**TASK TO COMPLETE**
Set every record down again exactly. Do not carry over the pictures.

── DATA FOR ANALYSIS ──

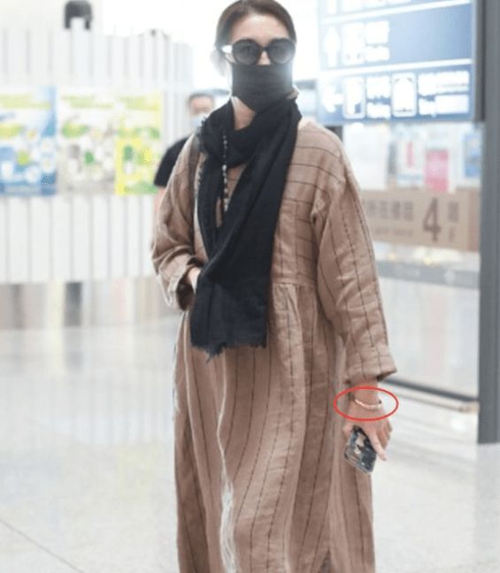 她背上的包是某高級品牌的古典款,在網(wǎng)上查詢近4萬元,價格不便宜。仔細看,她的左手戴著金手鐲,右手戴著金戒指,整體形狀相當昂貴。但是,長裙在她身上看起來很寬松,袖口上她的胳膊只占了一半的空間,走路時露出的腳踝也很細。她的身體很瘦,肩膀窄得撐不住衣服,很疼。
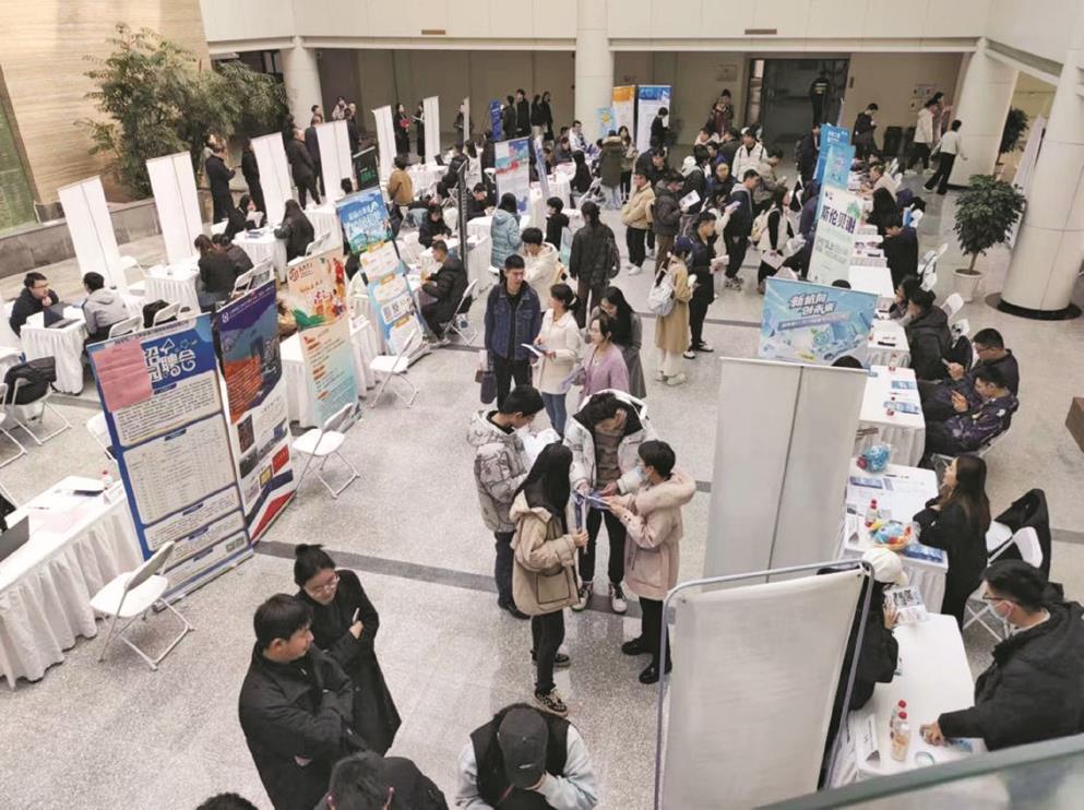 同济大学2024届毕业生春季“职场直通车”校园招聘会现场。 实习生 沈佳玮摄
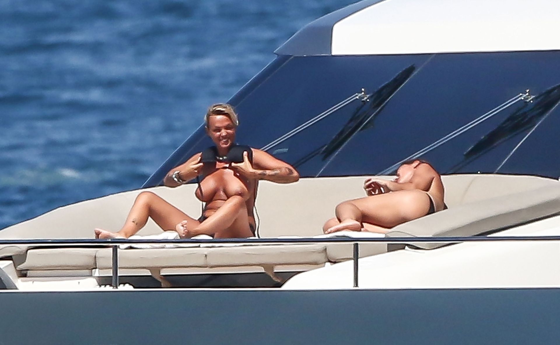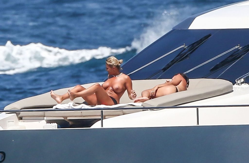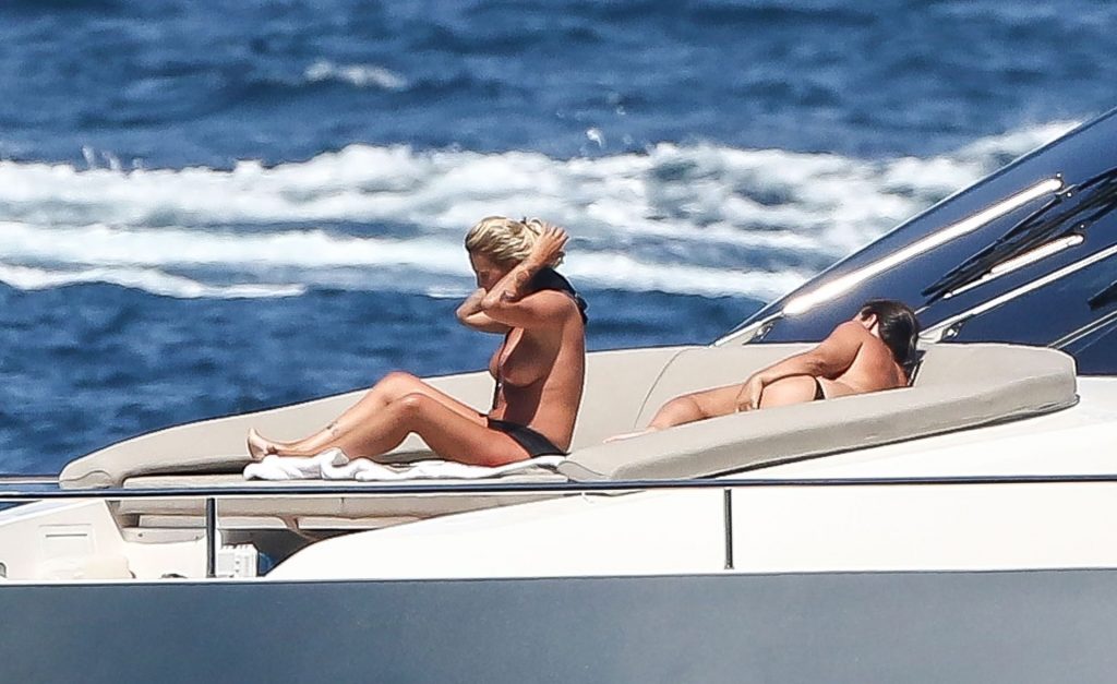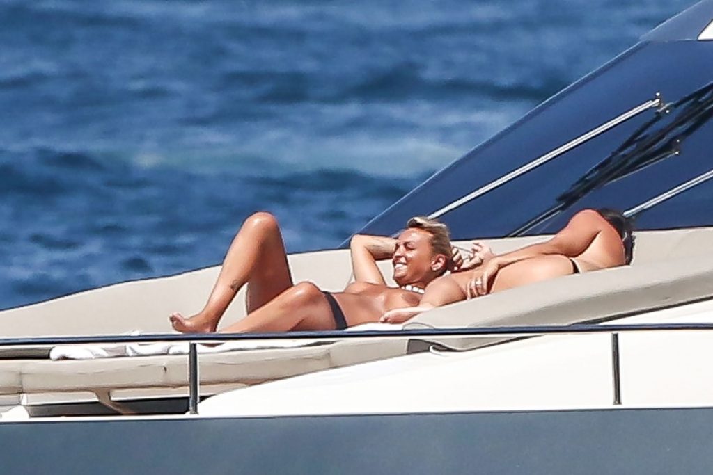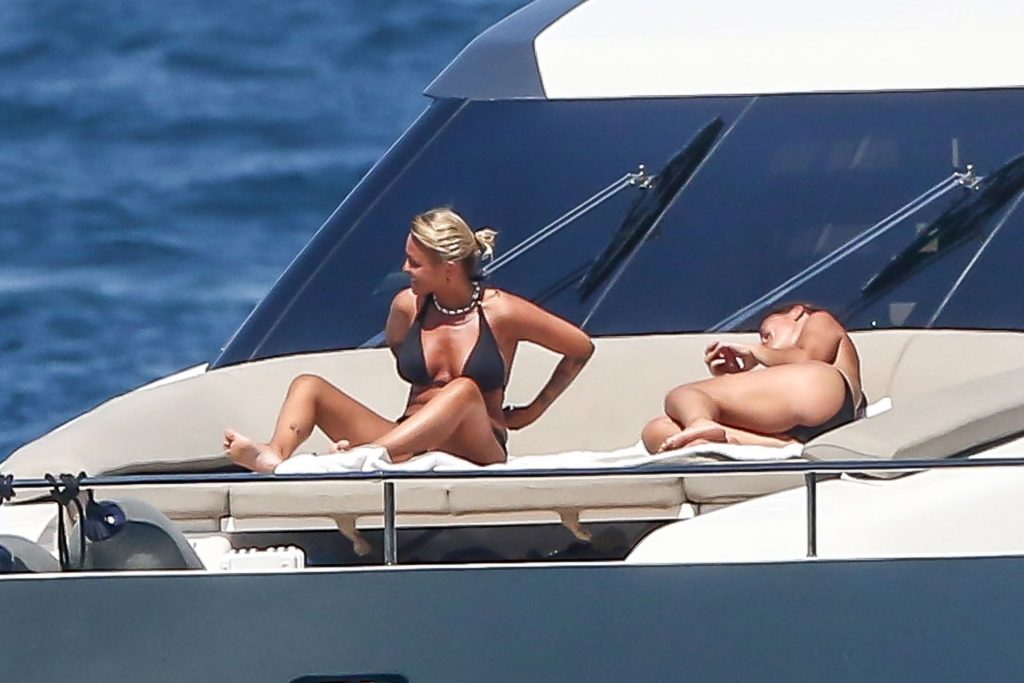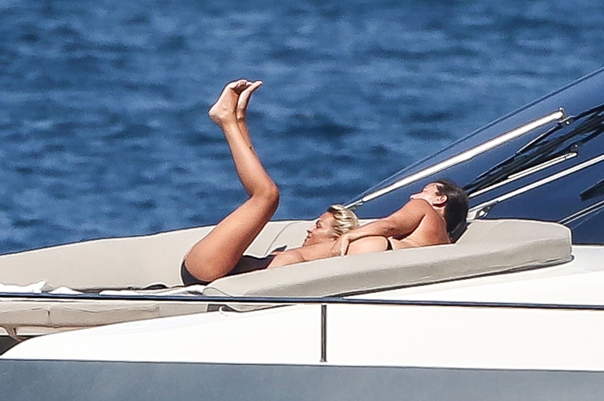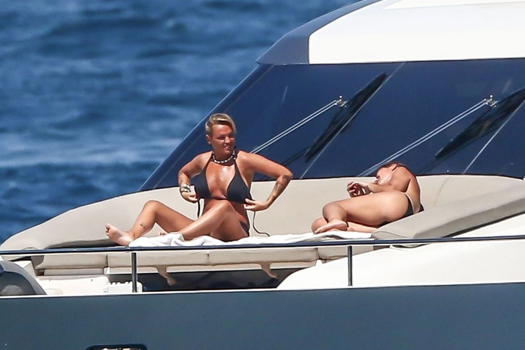 L’ex de Silvio Berlusconi Francesca Pascale et la chanteuse Paola Turci bronzent et se dénudent lors de leurs vacances ensoleillées à bord de leur yacht de luxe sur la Costiera Sorrentina en Italie, 13/08/2020.
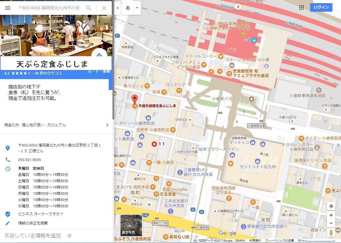 ・天ぷら定食 ふじしま Googleマップ
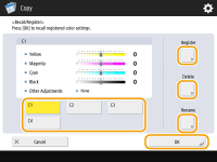 You can register up to four settings after adjustment. After adjusting the color, press <Recall/Register> select a button from <C1> to <C4> press <Register> <Yes> <OK>.![]() ![]() To recall registered settings, press <Recall/Register>, select a button, and press <OK>. You can change the button names of <C1> to <C4>. Select the button to change, press <Rename>, and enter a new name. To delete registered settings, select the button press <Delete> <Yes>. |
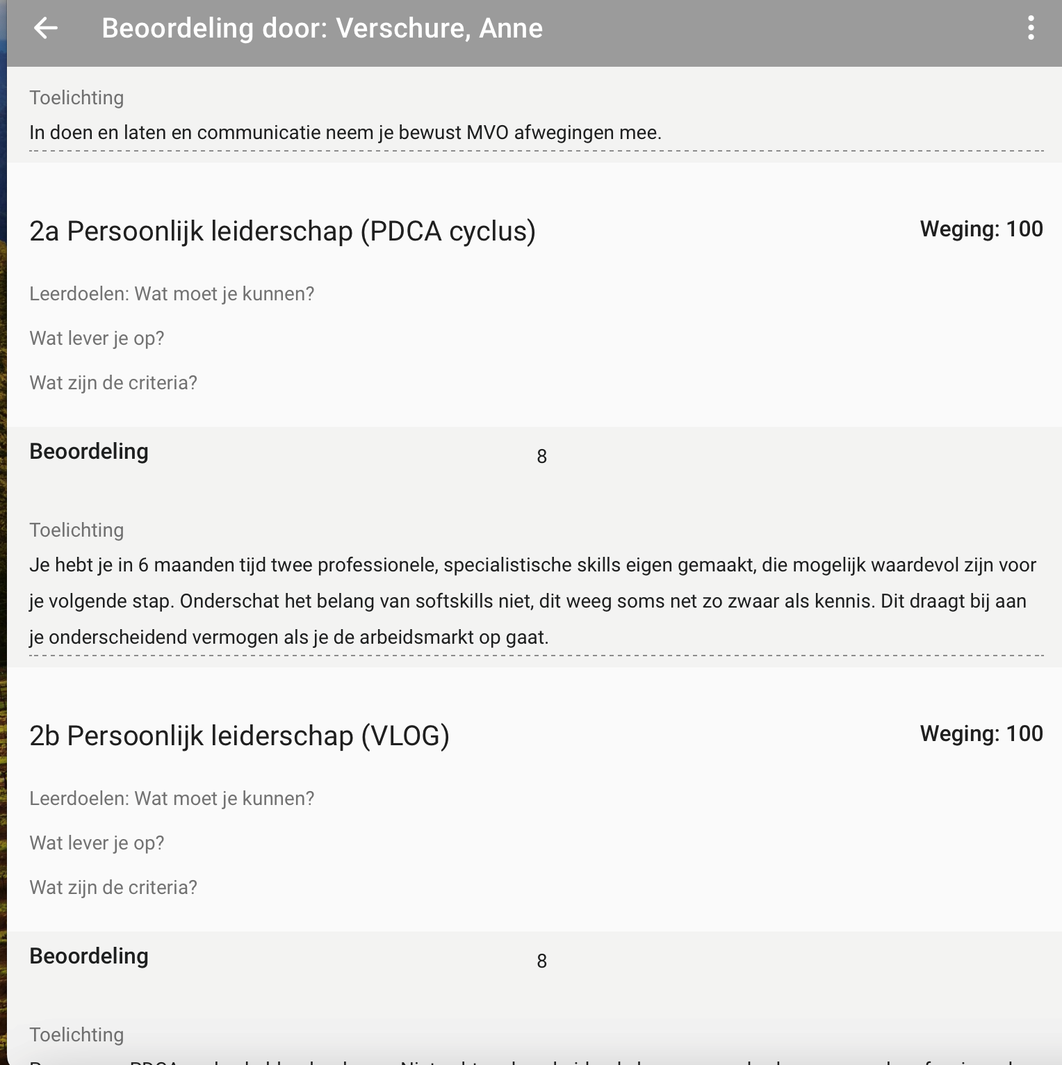 Feedback van verschillende kanten heb ik serieus opgenomen en er bewust mee aan de slag gegaan. In gesprekken met medestudenten, vrienden en familie merkte ik dat ik beter luister, rustiger reageer en vaker samenvat wat de ander zegt. Hierdoor ontstond meer openheid en wederzijds begrip om direct te overtuigen en kan beter aansluiten bij wat de ander nodig heeft.
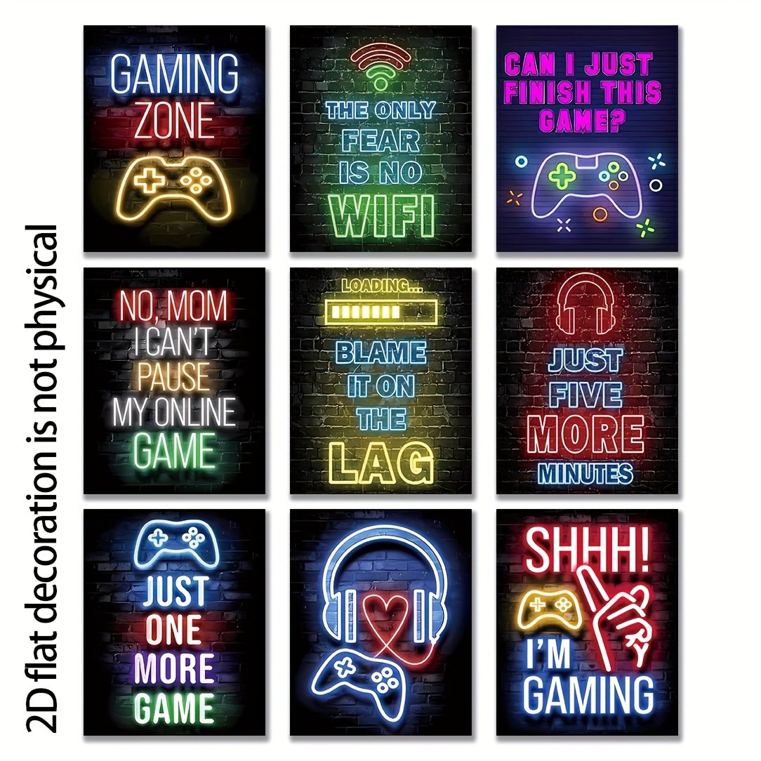 Framless Neon Gamer Quotes Posters (9PCS)
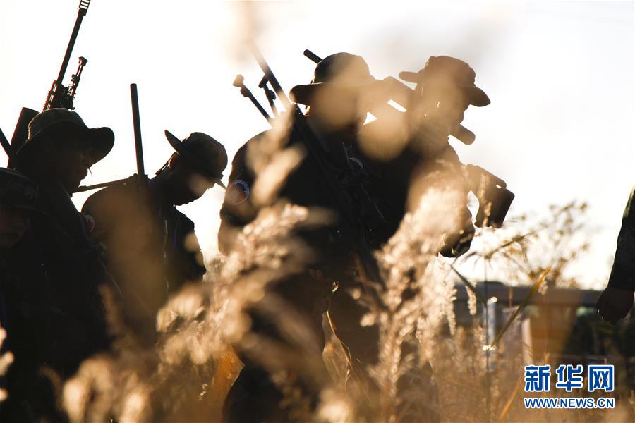10月18日,参加“锋刃-2018”国际狙击手射击竞赛的参赛队员向比赛场地进发。 “锋刃-2018”国际狙击手射击竞赛18日在燕山深处武警某训练基地开幕,来自中国、白俄罗斯、中非、匈牙利、以色列、巴基斯坦等21个国家的100余名狙击精英展开同场竞技。 新华社发(王涛 摄)
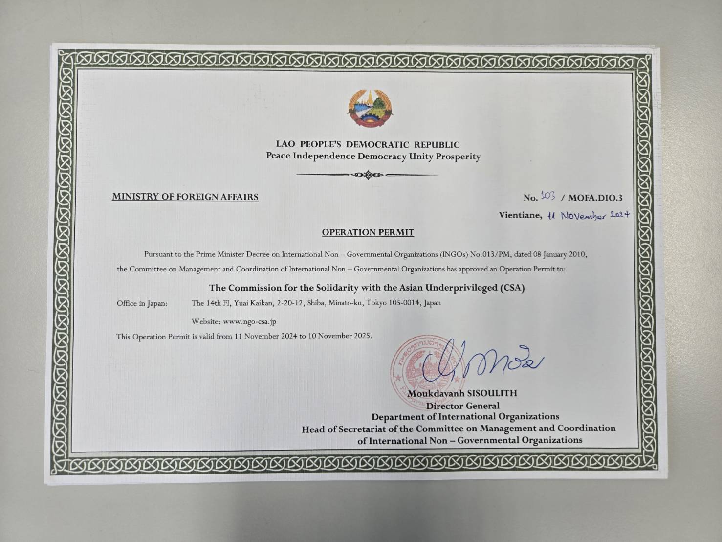 また、懸案事項でありましたラオスにおける事業運営許可書(OP)を先月取得することが出来ましたので、発行に当たってお手伝いいただいた連合杉山連帯活動局長(CSA常任理事)へのお礼を兼ねて、この許可書の効果と今後の取り扱いについて共有をしました。
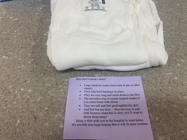 October is Breast Cancer Awareness Month. In October 2015, KJ learned she had cancer and was given a Necessities Bag to help her through her surgery. The bags are filled with "comfort items," such as oversized t-shirts, bandages, drain straps, a note pad, moistened cloths, lip balm, tissues and more. There are 2 hand-made cushioning pillows to protect tender bodies from seat belts, as well as a thank you card, and a booklet composed by women who have been through the surgery, giving helpful hints about what to expect before, during & after surgery.

───

**THE ANSWER**
 她背上的包是某高級品牌的古典款,在網(wǎng)上查詢近4萬元,價格不便宜。仔細看,她的左手戴著金手鐲,右手戴著金戒指,整體形狀相當昂貴。但是,長裙在她身上看起來很寬松,袖口上她的胳膊只占了一半的空間,走路時露出的腳踝也很細。她的身體很瘦,肩膀窄得撐不住衣服,很疼。
 同济大学2024届毕业生春季“职场直通车”校园招聘会现场。 实习生 沈佳玮摄
 L’ex de Silvio Berlusconi Francesca Pascale et la chanteuse Paola Turci bronzent et se dénudent lors de leurs vacances ensoleillées à bord de leur yacht de luxe sur la Costiera Sorrentina en Italie, 13/08/2020.
 ・天ぷら定食 ふじしま Googleマップ
 You can register up to four settings after adjustment. After adjusting the color, press <Recall/Register> select a button from <C1> to <C4> press <Register> <Yes> <OK>.![]() ![]() To recall registered settings, press <Recall/Register>, select a button, and press <OK>. You can change the button names of <C1> to <C4>. Select the button to change, press <Rename>, and enter a new name. To delete registered settings, select the button press <Delete> <Yes>. |
 Feedback van verschillende kanten heb ik serieus opgenomen en er bewust mee aan de slag gegaan. In gesprekken met medestudenten, vrienden en familie merkte ik dat ik beter luister, rustiger reageer en vaker samenvat wat de ander zegt. Hierdoor ontstond meer openheid en wederzijds begrip om direct te overtuigen en kan beter aansluiten bij wat de ander nodig heeft.
 Framless Neon Gamer Quotes Posters (9PCS)
10月18日,参加“锋刃-2018”国际狙击手射击竞赛的参赛队员向比赛场地进发。 “锋刃-2018”国际狙击手射击竞赛18日在燕山深处武警某训练基地开幕,来自中国、白俄罗斯、中非、匈牙利、以色列、巴基斯坦等21个国家的100余名狙击精英展开同场竞技。 新华社发(王涛 摄)
 また、懸案事項でありましたラオスにおける事業運営許可書(OP)を先月取得することが出来ましたので、発行に当たってお手伝いいただいた連合杉山連帯活動局長(CSA常任理事)へのお礼を兼ねて、この許可書の効果と今後の取り扱いについて共有をしました。
 October is Breast Cancer Awareness Month. In October 2015, KJ learned she had cancer and was given a Necessities Bag to help her through her surgery. The bags are filled with "comfort items," such as oversized t-shirts, bandages, drain straps, a note pad, moistened cloths, lip balm, tissues and more. There are 2 hand-made cushioning pillows to protect tender bodies from seat belts, as well as a thank you card, and a booklet composed by women who have been through the surgery, giving helpful hints about what to expect before, during & after surgery.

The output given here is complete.